Without sight of your code, I can only flag a few pointers which may or may not be of help...

Instead of manually stepping through the code, let it free run but slow stepping right down to perhaps 1s per step. Then, while running, click and hold the pushbutton throughout the complete simulation cycle and observe the holding variable. It visibly should go from 1 to 0 with the button held down (click-hold with the mouse) with the conditions you describe, and back to 1 when re-read without the button pushed. I do find that simulation has display persistence, but initialising values within the routine ensure you're always getting what you expect - as would be required in the compiled code by way of good practice.

Second thought would be to try another button/switch, in-case there's a possible problem with the particular button component - albeit unlikely.

Third would be to ensure the button port bit is dedicated to the button as a simple logical input.

Fourth would be to check that you haven't inadvertently masked out the port bit when readiing the button bit status.

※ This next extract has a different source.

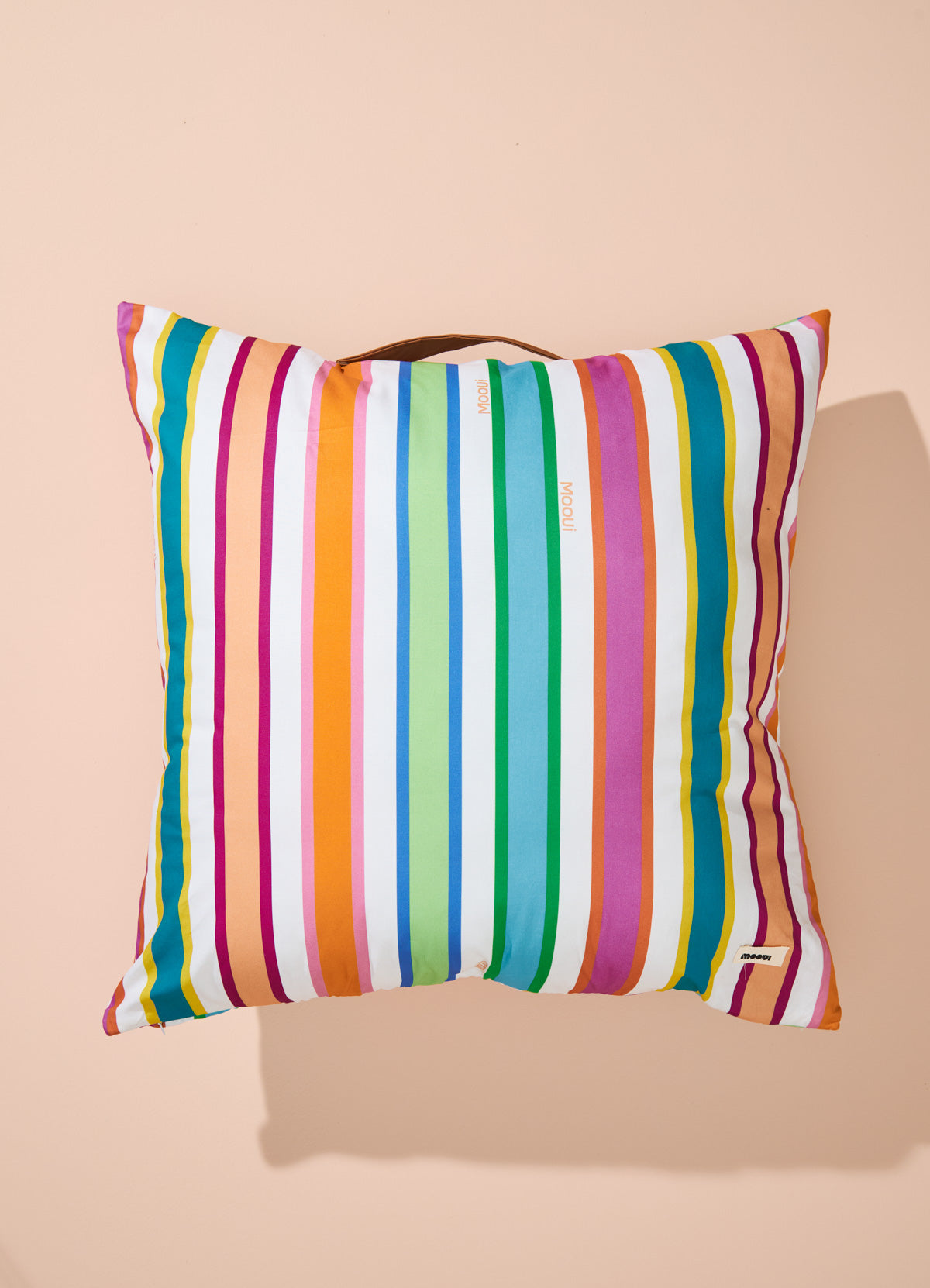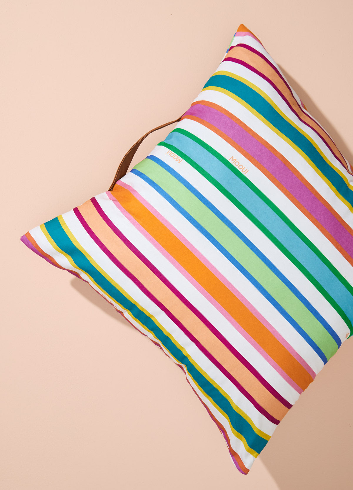 Um almofadão na estampa Listrado Alegria que a MOOUI criou para ser colocado na hora de sentar no chão para brincar, assistir um filme ou apreciar um momento de leitura com conforto. O almofadão de chão é de sarja dos dois lados e contém zíper na lateral para retirada da capa para higienização. Para facilitar a locomoção para qualquer cômodo da casa, ele ainda possui alça em couro sintético.

This may all seem very obvious but I've used dozens of buttons and indicators dynamically in very complex simulations with professional code, and have never encountered such issues when plenty of time is allowed for graphics to be updated in simulations. I can only think it's likely an issue with the routine or something more unique/obscure that can only be analysed/advised with sight of an example project you're having problems with.

If you were able to post your code, someone will surely help to identify your problem.